You may want to do some homework if "concurrency" and "parallelism" are new to your vocabulary. TL;DR: for simple programs, we usually write "sequential" or ("serial") code: one step executes at a time, and must complete before the next step begins. If JavaScript could perform a "blocking" AJAX request with ajaxSync(), serial code might look like this:

console.log('About to make a request.');
let json = ajaxSync('https://api.google.com/search.json');
console.log(json);
console.log('Finished the request.');

/*
  => About to make a request.
  ... AJAX request runs ...
  ... a couple seconds later ...
  ... AJAX request finishes ...
  => { all: ['the', 'things'] }
  => Finished the request.
*/

Until the AJAX request completes, JavaScript pauses (or "blocks") any lines below from executing. In contrast, concurrency is when the execution of one series of steps can overlap another series of steps. In JavaScript, concurrency is often accomplished with async Web APIs and a callback:

console.log('About to make a request.');
ajaxAsync('https://api.google.com/search.json', json => {
  console.log(json);
  console.log('Finished the request.');
});
console.log('Started the request.');

/*
  => About to make a request.
  ... AJAX request runs in the background ...
  => Started the request.
  ... a couple seconds later ...
  ... AJAX requests finishes ...
  => { all: ['the', 'things'] }
  => Finished the request.
*/

In this second version, the AJAX request only "blocks" the code inside the callback (logging the AJAX response), but the JavaScript runtime will go on executing lines after the AJAX request.

Recap: Event Loop

The JavaScript runtime uses a mechanism, called the "event loop," to keep track of all in-progress async operations so it can notify your program when an operation finishes.

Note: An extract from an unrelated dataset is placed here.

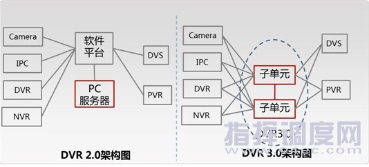 網(wǎng)狀系統(tǒng) 在監(jiān)舍、車間、辦公區(qū)區(qū)域前端采用700線路模擬攝像機,后端采用大華DVR3.0系統(tǒng)進行編碼、存儲、控制。相比較傳統(tǒng)DVR2.0為星型架構(gòu),后端業(yè)務(wù)的開展,實時監(jiān)控、錄像調(diào)取依賴軟件平臺與服務(wù)器,一旦服務(wù)器和平臺出問題,則導(dǎo)致系統(tǒng)無法使用。 本方案中DVR 3.0不是單臺設(shè)備而是設(shè)備族,將軟件平臺的相關(guān)業(yè)務(wù)組件通過嵌入式平臺植入設(shè)備中,使原有設(shè)備從單點網(wǎng)絡(luò)設(shè)備升級為網(wǎng)絡(luò)節(jié)點設(shè)備,從而實現(xiàn)分布式自主管理自完備系統(tǒng),DVR3.0是一個嵌入式系統(tǒng)平臺解決方案
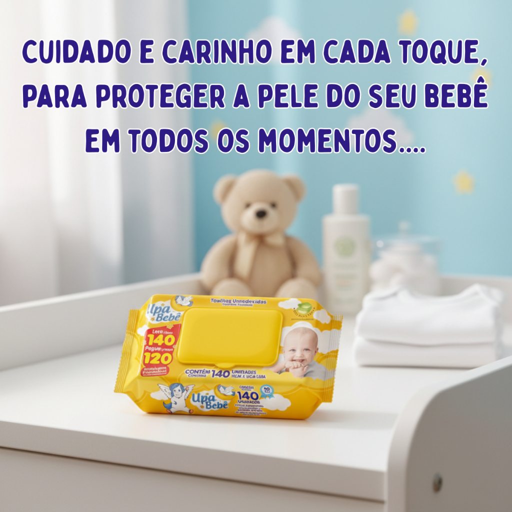 Kit 12 Toalhas Umedecidas Upa Bebê 140un – Mais Economia e Praticidade no Dia a Dia O Kit com 12 pacotes de Toalhas Umedecidas Upa Bebê é ideal para quem busca economia, rendimento e cuidado diário com o bebê. São 1680 lenços no total, perfeitos para manter a higiene infantil sempre prática e segura. ✔️ Benefícios e Vantagens • Alta quantidade: 12 pacotes com 140 unidades cada • Excelente custo-benefício para uso diário • Textura macia e suave ao toque • Ideal para higiene do bebê em casa ou passeios • Embalagem com tampa Flip Top que conserva a umidade ✔️ Diferenciais Técnicos • 140 lenços por pacote • Total de 1680 unidades no kit • Tampa Flip Top abre e fecha fácil • Embalagem prática e resistente • Desenvolvido para higiene infantil diária ✔️ Indicação de Uso Indicado para: • Troca de fraldas • Limpeza das mãos e rosto • Higiene após refeições • Uso em casa, creche, passeios e viagens Produto essencial para manter na bolsa do bebê, mochila maternidade ou estoque doméstico. ✔️ Economia Inteligente O formato em kit é ideal para famílias, creches ou para quem deseja comprar em maior volume com melhor custo-benefício. 4️⃣ PERGUNTAS E RESPOSTAS (FAQ) 1. O produto é original? Sim, trabalhamos apenas com produtos originais da marca Upa Bebê. 2. Quantas unidades vêm no kit? O kit contém 12 pacotes com 140 unidades cada, totalizando 1680 lenços. 3. As toalhas possuem tampa abre e fecha? Sim, todos os pacotes possuem tampa Flip Top para melhor conservação. 4. Pode usar em recém-nascido? É indicado para higiene infantil. Em caso de pele sensível, recomenda-se testar antes do uso contínuo. 5. A embalagem ajuda a manter a umidade? Sim, a tampa Flip Top reduz o ressecamento dos lenços. 6. É indicado para levar na bolsa maternidade? Sim, o tamanho é prático e ideal para uso diário e passeios. 7. O produto tem fragrância? Pode variar conforme lote. Consulte a descrição específica do anúncio. 8. O envio é rápido? O envio é realizado conforme o prazo informado na plataforma no momento da compra. 9. Pode ser usado para limpar mãos e rosto? Sim, é indicado para higiene diária do bebê. 10. Vem lacrado de fábrica? Sim, todos os pacotes são enviados lacrados.

If you are unfamiliar with the event loop, check out Philip Robert's exceptional 20 minute overview from ScotlandJS: "Help, I'm stuck in an event-loop."

Thanks to the event loop, a single thread can perform an admirable amount of work concurrently. But why not just reach for multithreading?

Software is harder to write (and debug) when it constantly switches between different tasks through multithreading. So unlike many languages, JavaScript finishes one thing at a time—a constraint called "run-to-completion"—and queues up other things to do in the background. Once the current task is done, it grabs the next chunk of work off the queue and executes to completion.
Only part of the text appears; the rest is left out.